◆ Exercise: Range to repeat from the listing below: the line containing "垂井宿へ右手に見える国道を一度アンダーパスで越えて南側へ。 |" down to the line containing "圖①:9月9日,在山東省東營", both included. Copy it exactly, pictures excluded, and add nothing else.

◆ Given data:
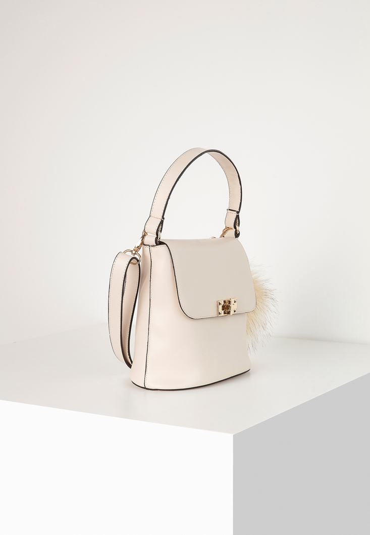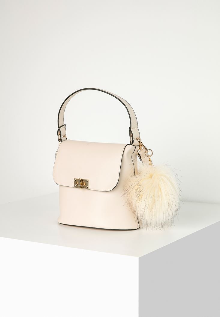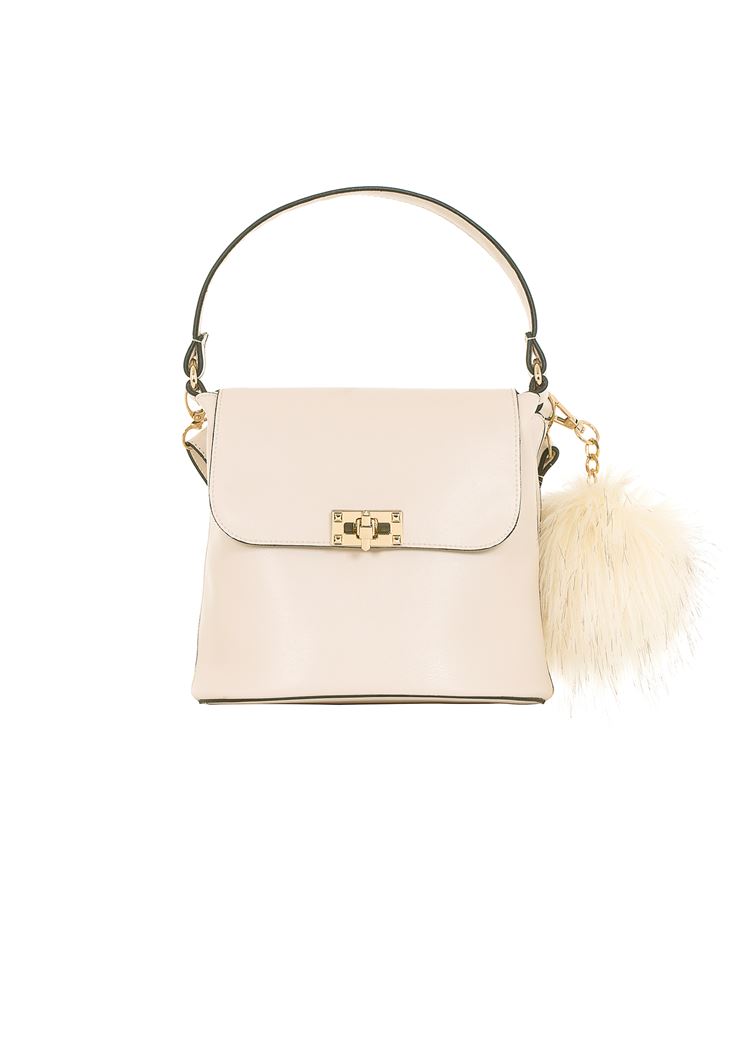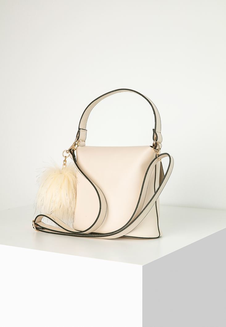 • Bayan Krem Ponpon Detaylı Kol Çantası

...

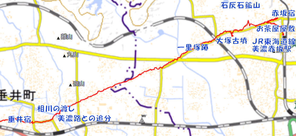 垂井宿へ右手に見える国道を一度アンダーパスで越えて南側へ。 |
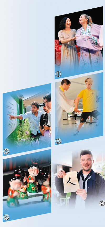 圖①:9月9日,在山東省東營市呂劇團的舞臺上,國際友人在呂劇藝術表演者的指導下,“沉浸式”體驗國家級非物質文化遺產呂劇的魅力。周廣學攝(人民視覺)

◆ Your response:
 垂井宿へ右手に見える国道を一度アンダーパスで越えて南側へ。 |
 圖①:9月9日,在山東省東營市呂劇團的舞臺上,國際友人在呂劇藝術表演者的指導下,“沉浸式”體驗國家級非物質文化遺產呂劇的魅力。周廣學攝(人民視覺)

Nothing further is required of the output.